▶ _What you need to do_
Retype each entry exactly as written, and keep the pictures out of the copy.

▶ _Records excerpted from a collection_
# # # # #
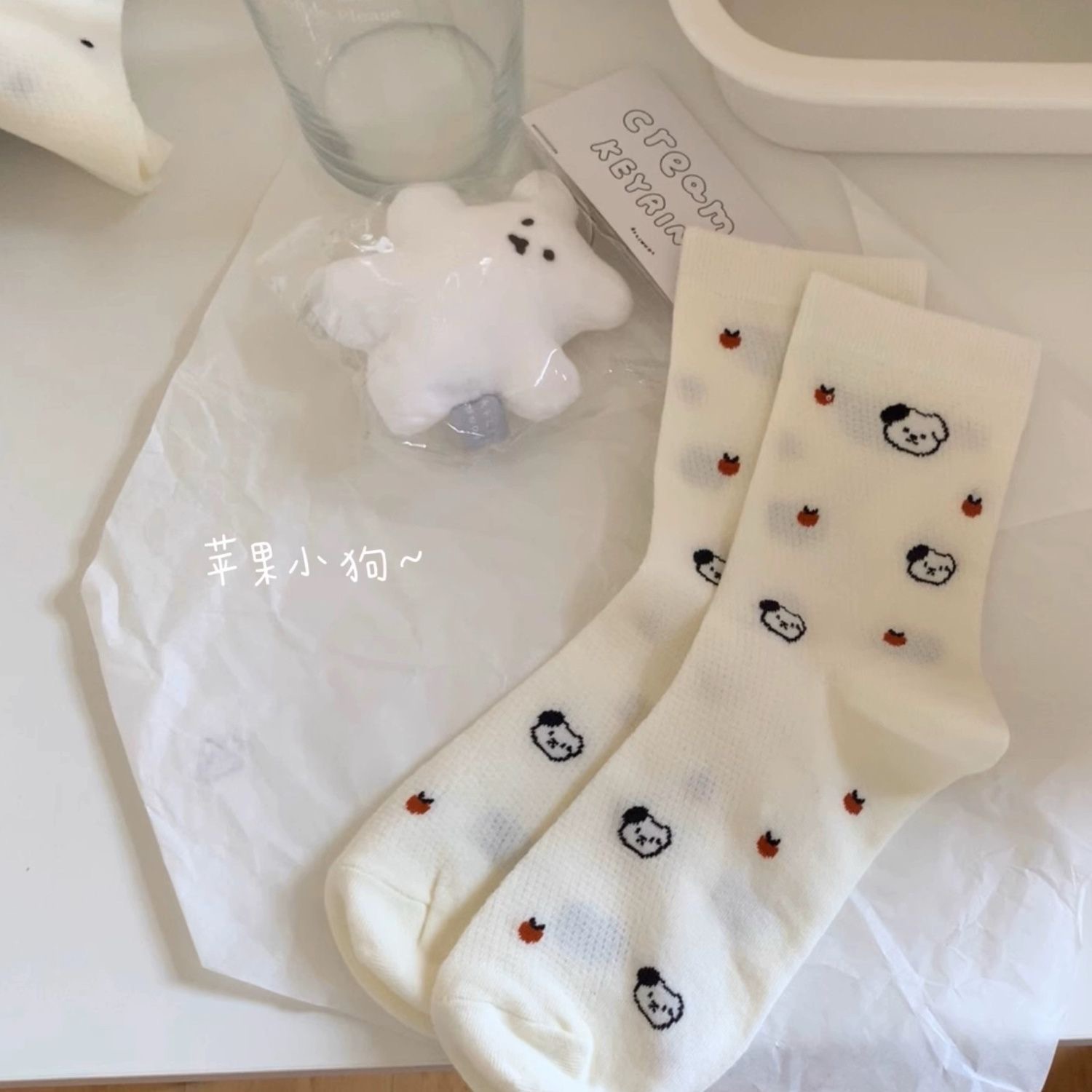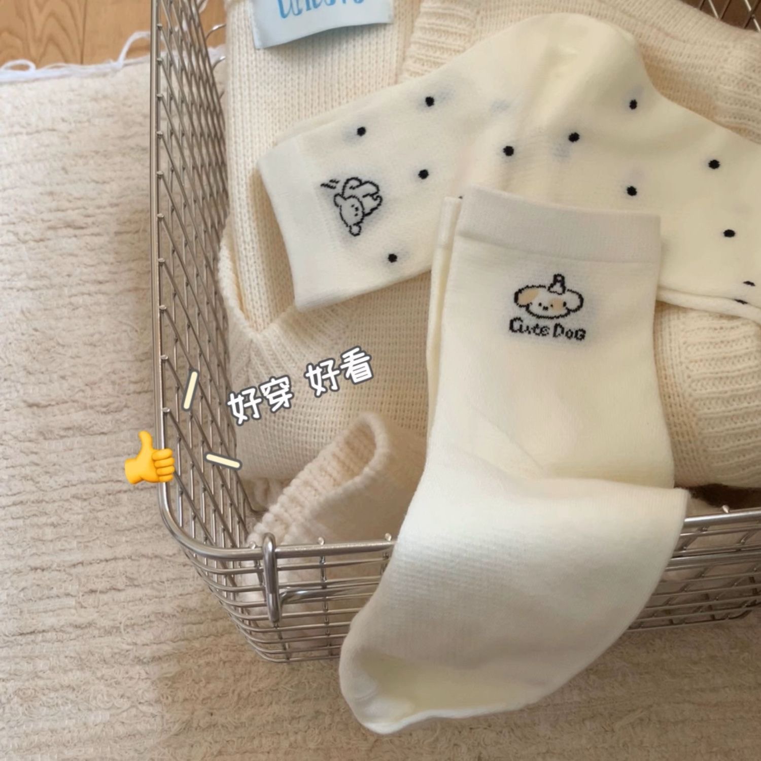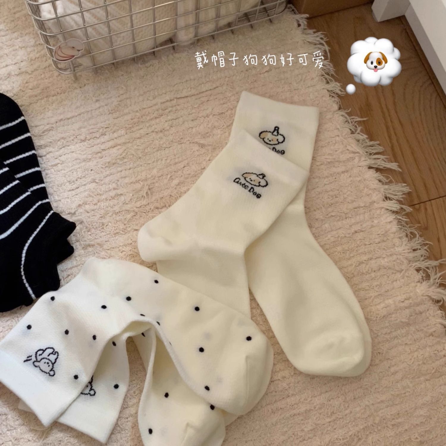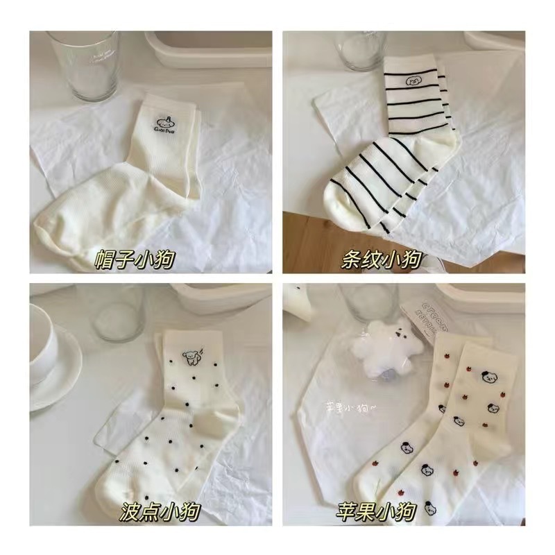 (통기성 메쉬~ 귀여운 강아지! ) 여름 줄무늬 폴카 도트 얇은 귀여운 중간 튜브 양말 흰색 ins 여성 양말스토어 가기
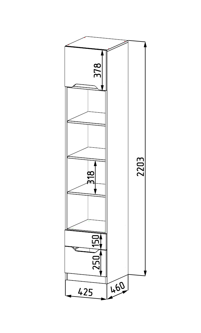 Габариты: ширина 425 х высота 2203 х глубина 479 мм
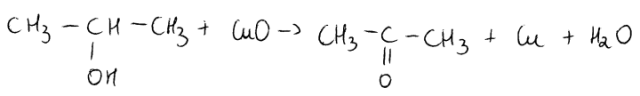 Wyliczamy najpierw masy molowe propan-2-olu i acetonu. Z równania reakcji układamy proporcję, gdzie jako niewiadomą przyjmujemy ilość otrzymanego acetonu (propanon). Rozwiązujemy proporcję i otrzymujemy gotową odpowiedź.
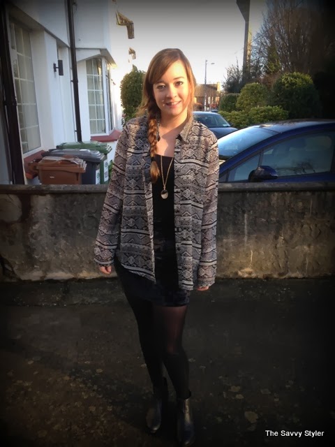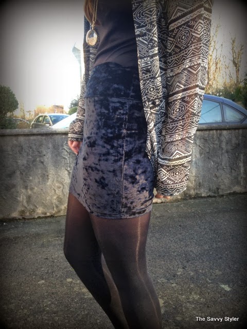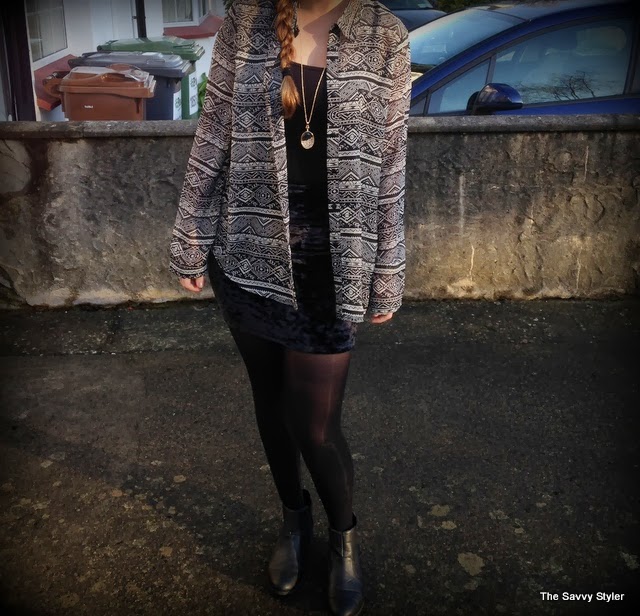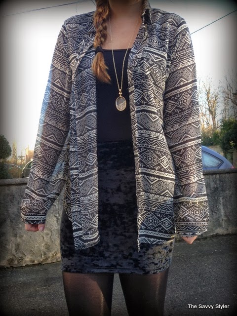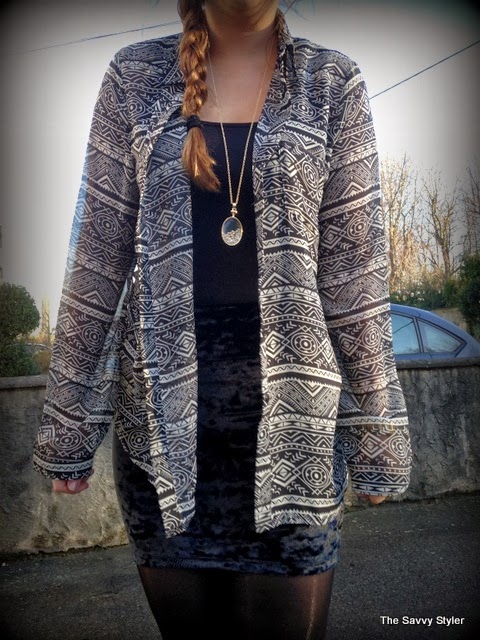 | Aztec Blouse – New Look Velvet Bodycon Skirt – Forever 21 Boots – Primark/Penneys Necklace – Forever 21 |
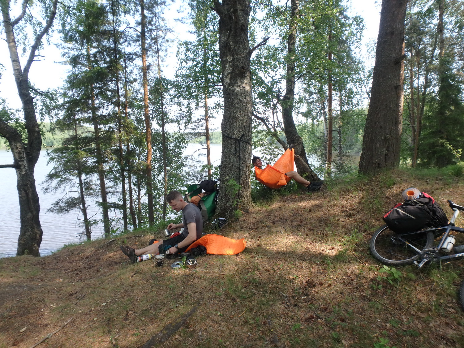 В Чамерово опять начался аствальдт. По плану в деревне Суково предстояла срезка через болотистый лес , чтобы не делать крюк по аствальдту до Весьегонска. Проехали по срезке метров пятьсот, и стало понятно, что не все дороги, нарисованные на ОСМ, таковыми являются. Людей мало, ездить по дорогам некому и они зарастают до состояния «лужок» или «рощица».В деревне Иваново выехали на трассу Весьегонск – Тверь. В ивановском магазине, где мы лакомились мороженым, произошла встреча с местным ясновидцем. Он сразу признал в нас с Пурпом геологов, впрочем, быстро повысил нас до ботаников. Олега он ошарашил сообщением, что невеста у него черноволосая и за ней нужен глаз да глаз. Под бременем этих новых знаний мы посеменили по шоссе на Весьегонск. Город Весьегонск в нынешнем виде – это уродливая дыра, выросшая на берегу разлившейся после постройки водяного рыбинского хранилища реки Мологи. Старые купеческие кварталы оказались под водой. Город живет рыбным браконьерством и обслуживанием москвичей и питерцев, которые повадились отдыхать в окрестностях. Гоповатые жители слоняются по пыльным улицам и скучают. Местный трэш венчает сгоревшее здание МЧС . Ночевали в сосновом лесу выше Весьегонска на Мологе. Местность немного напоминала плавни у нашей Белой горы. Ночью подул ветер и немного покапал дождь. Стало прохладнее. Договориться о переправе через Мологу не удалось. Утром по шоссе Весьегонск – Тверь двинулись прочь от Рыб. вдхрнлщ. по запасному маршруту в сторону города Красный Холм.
# # # # #
▶ _Problem solution_
 (통기성 메쉬~ 귀여운 강아지! ) 여름 줄무늬 폴카 도트 얇은 귀여운 중간 튜브 양말 흰색 ins 여성 양말스토어 가기
 Габариты: ширина 425 х высота 2203 х глубина 479 мм
 Wyliczamy najpierw masy molowe propan-2-olu i acetonu. Z równania reakcji układamy proporcję, gdzie jako niewiadomą przyjmujemy ilość otrzymanego acetonu (propanon). Rozwiązujemy proporcję i otrzymujemy gotową odpowiedź.
 | Aztec Blouse – New Look Velvet Bodycon Skirt – Forever 21 Boots – Primark/Penneys Necklace – Forever 21 |
 В Чамерово опять начался аствальдт. По плану в деревне Суково предстояла срезка через болотистый лес , чтобы не делать крюк по аствальдту до Весьегонска. Проехали по срезке метров пятьсот, и стало понятно, что не все дороги, нарисованные на ОСМ, таковыми являются. Людей мало, ездить по дорогам некому и они зарастают до состояния «лужок» или «рощица».В деревне Иваново выехали на трассу Весьегонск – Тверь. В ивановском магазине, где мы лакомились мороженым, произошла встреча с местным ясновидцем. Он сразу признал в нас с Пурпом геологов, впрочем, быстро повысил нас до ботаников. Олега он ошарашил сообщением, что невеста у него черноволосая и за ней нужен глаз да глаз. Под бременем этих новых знаний мы посеменили по шоссе на Весьегонск. Город Весьегонск в нынешнем виде – это уродливая дыра, выросшая на берегу разлившейся после постройки водяного рыбинского хранилища реки Мологи. Старые купеческие кварталы оказались под водой. Город живет рыбным браконьерством и обслуживанием москвичей и питерцев, которые повадились отдыхать в окрестностях. Гоповатые жители слоняются по пыльным улицам и скучают. Местный трэш венчает сгоревшее здание МЧС . Ночевали в сосновом лесу выше Весьегонска на Мологе. Местность немного напоминала плавни у нашей Белой горы. Ночью подул ветер и немного покапал дождь. Стало прохладнее. Договориться о переправе через Мологу не удалось. Утром по шоссе Весьегонск – Тверь двинулись прочь от Рыб. вдхрнлщ. по запасному маршруту в сторону города Красный Холм.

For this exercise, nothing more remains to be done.